Here's the "bad" news this time around: Among teenagers' 20 favorite shows, 83 percent included sexual content, 49 percent of them included sexual behavior, and 20 percent included depictions or discussion of intercourse. Across all TV shows, 64 percent had some sexual content. The "good" news is that among those favorite teens shows, 45 percent of the episodes that either discussed or depicted intercourse made some mention of "safe sex" practices. And while 14 percent of all shows included sexual intercourse—up from 10 percent two years ago—overall sexual content on TV has remained steady.

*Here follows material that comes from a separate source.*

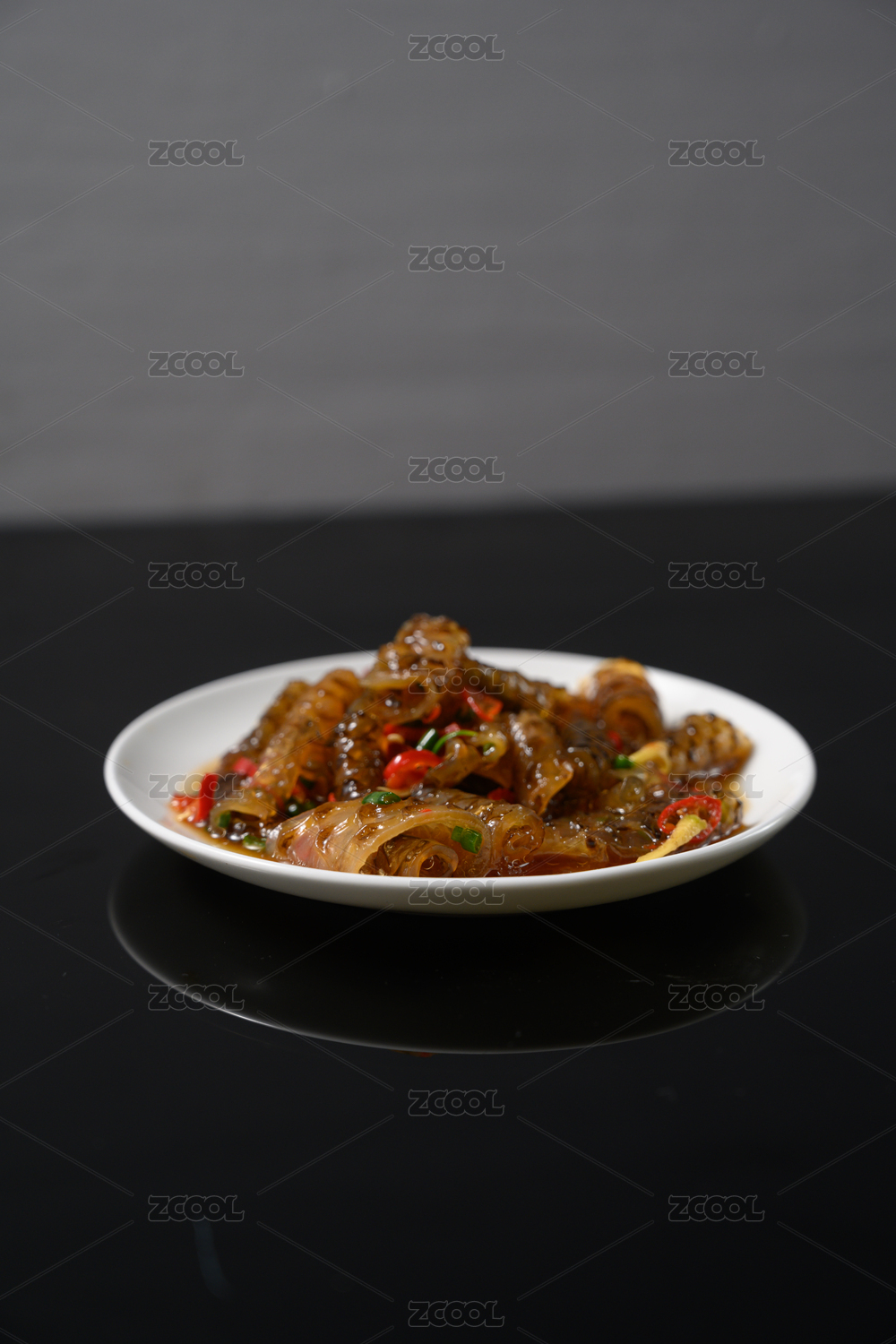 桌面上的盘子里的美味可口的凉拌鱼皮

And the self-aggrandizing claim to relevance? As Kaiser's Vicky Rideout, the study's director, told The Cincinnati Enquirer, Sex on TV draws "Hollywood's attention to the impact that sexual content has on young people (and) the opportunity they (producers) have to play a positive role."

Well, not quite. What it actually suggests is that Hollywood plays no great role in kids' choices. Just as Portnoy's Complaint failed to turn liver into anyone's lover, Dawson's Creek has not proven to be the small-screen equivalent of Spanish Fly. As the Kaiser TV team—and everyone else in America—will attest, there's no question that over the past decade or so, kids have been exposed to far more sexual content than they used to be, on the tube and elsewhere. What's more, everyone will agree that most of this content is presented in glamorous fashion.

Yet this has not created a generation of sex-crazed adolescents. The percentage of high schoolers who have engaged in sexual intercourse declined from 54 percent in 1991 to 46 percent in 2001. We know this, incidentally, courtesy of another set of researachers at Kaiser, folks who work in the foundation's "Reproductive and Sexual Health" program. Similarly unrelated trends also hold for violent TV and youth crime: as the former has increased, the latter has declined.

Some myths die hard, though. The idea that popular culture is (or should be) didactic in any simple sense of the term is one of these myths. Garry Marshall, the creator of Happy Days is famous for claiming that requests for library cards "zoomed" a whopping 500 percent after an episode in which Fonzie used one. (Strangely, Marshall was not puzzled by the lack of a dramatic increases in shark-tank jumping incidents after the Fonz pulled off that particular stunt.)

The proper response to Marshall's hilariously overblown, wildly self-aggrandizing, and completely undocumented assertion—and to the mindset behind Kaiser's Sex on TV series—is a polite "Sit on it."